Девушка на коленях подползает к шкафу и взбирается по лестнице. Когда она спускается обратно, в руке у нее зажата помятая банка консервов:
– Тебе видно, что там?
– Наклейки нет.
– Ее и не должно быть.
– Там еда?
– Давай откроем и проверим.
Вернер приставляет нож к банке и одним ударом кирпича пробивает дыру. И тут же его обдает запахом, таким фантастически сладким, что впору потерять сознание. Как же это по-французски? Pêches. Les pêches.
Девушка наклоняется вперед, нюхает, и ее щеки еще ярче расцветают веснушками.
– Мы съедим ее на двоих, – говорит она. – За то, что ты сделал.
Вернер вбивает нож второй раз, пилит металл, отгибает крышку.
– Осторожно, – говорит он и протягивает банку.
Девушка окунает пальцы в сироп и выуживает мокрую, мягкую скользкую дольку.
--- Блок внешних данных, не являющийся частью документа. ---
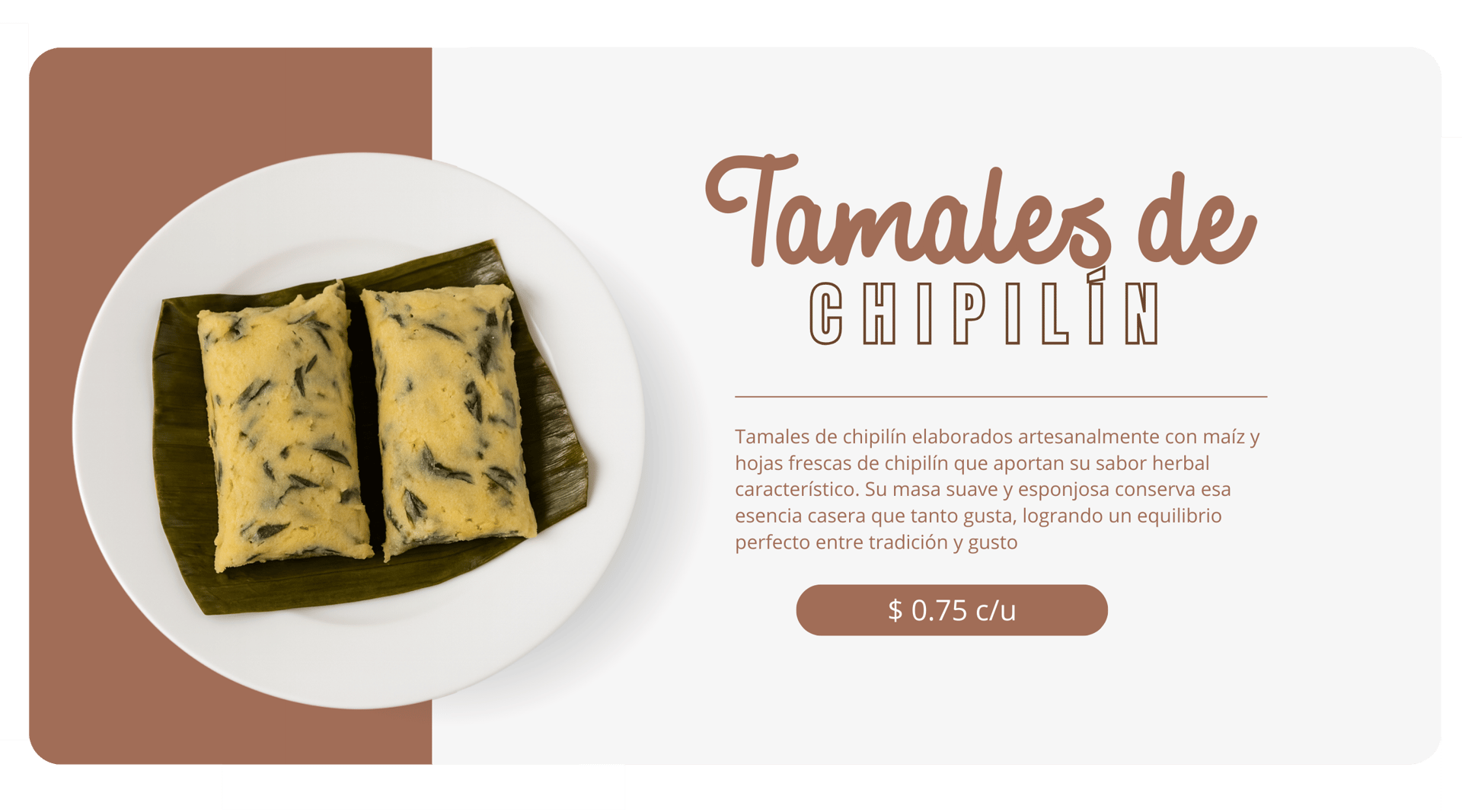 Tamales de chipilín elaborados artesanalmente con maíz y hojas frescas de chipilín que aportan su sabor herbal característico. Su masa suave y esponjosa conserva esa esencia casera que tanto gusta, logrando un equilibrio perfecto entre tradición y gusto
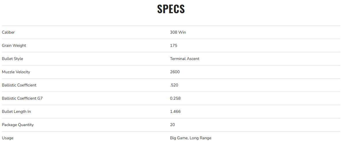 Federal Premium 308 Win, 175 Grain, Terminal Ascent, 2600 fps
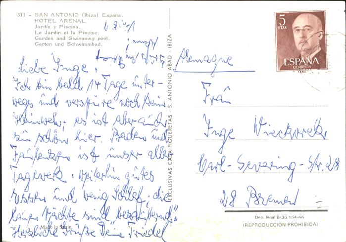 old postcard San Antonio Sant Antoni de Portmany Hotel Arenal Jardin Piscina Garten und Schwimmbad postalisch gelaufen Erhaltung siehe scans
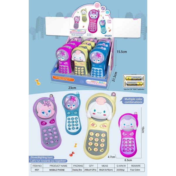 货号6921系列,英文新款益智声光手机 12PCS 2款4色,欢迎咨询订货
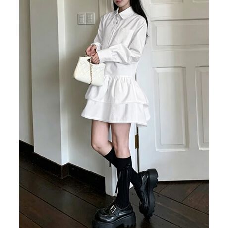 ティアードデザインが可愛いシャツタイプのミニワンピース。
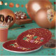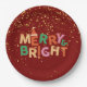 Add festive flair to your holiday gatherings with this vibrant "Merry & Bright" paper plate. Featuring bold multicolor lettering on a deep red background with sparkling gold confetti accents, this cheerful design is perfect for Christmas parties, family dinners, or office celebrations. Durable and disposable, it combines convenience with style for effortless entertaining.
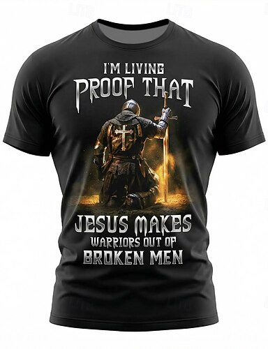 Męskie Templariusze Křížky Podkoszulek Krótki rękaw Podkoszulek Druk 3D Półgolf Koszula Religijne Patriotyczny Codzienny Impreza Ulica Czarny 1 Czarny 2 Lato Wiosna Odzież S M L XL XXL XXXL
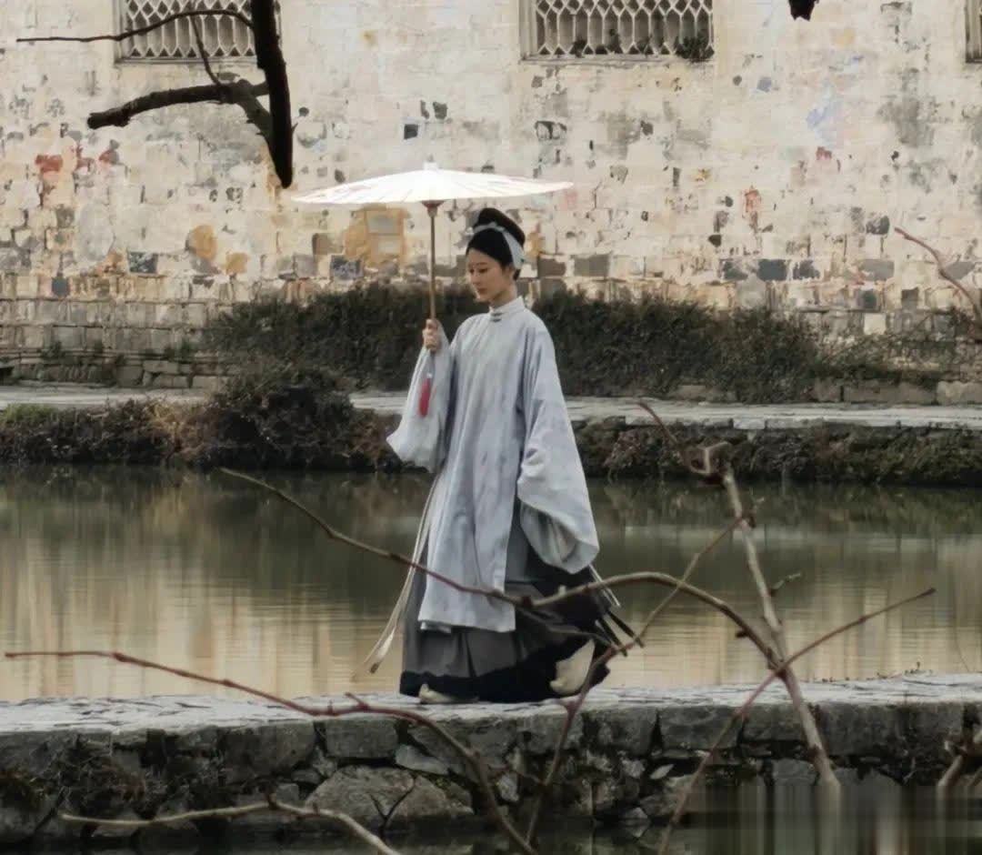 这张杨紫撑伞独行的场景,看得出来杨紫对角色的用心,人物妆造和景融合在一起一秒穿越明朝中期普通百姓的生活场景。

Потом Вернер делает то же самое. Персик – упоение. Утренняя заря во рту.
Они едят. Пьют сироп. Пальцами собирают со стенок последние остатки.
«Птицы Америки»
Сколько чудес в этом доме! Она показывает ему передатчик на чердаке: двойной аккумулятор, старинный патефон, антенну, которая поднимается и опускается с помощью сложной системы рычагов. Даже валики для фонографа, на которых записаны голос ее деда, уроки науки для детей. А книги! Ими засыпаны все нижние этажи – Беккерель, Лавуазье, Фишер, – за целую жизнь не прочесть. Вот бы прожить десять лет в этом узком высоком доме, запершись от мира, изучать его секреты, читать его книги и смотреть на эту девушку.
– Как ты думаешь, – спрашивает Вернер, – капитан Немо уцелел в водовороте?
Мари-Лора сидит на площадке пятого этажа, в своем огромном пальто, как будто ждет поезда.
– Нет. Да. Не знаю. Наверное, в этом-то и весь смысл, да? Чтобы мы гадали? – Она наклоняет голову. – Он был сумасшедший. И все равно мне не хотелось, чтобы он погиб.
В кабинете ее дядюшки, в углу, в куче разбросанных книг, Вернер отыскал «Птиц Америки». Перепечатка, не такое огромное издание, как он когда-то видел у Фредерика, но все равно потрясающее: четыреста тридцать пять гравюр. Вернер выносит их на площадку:
– Дядя тебе это показывал?
– Что это?
– Птицы. Птицы, птицы, птицы.
Снаружи проносятся снаряды.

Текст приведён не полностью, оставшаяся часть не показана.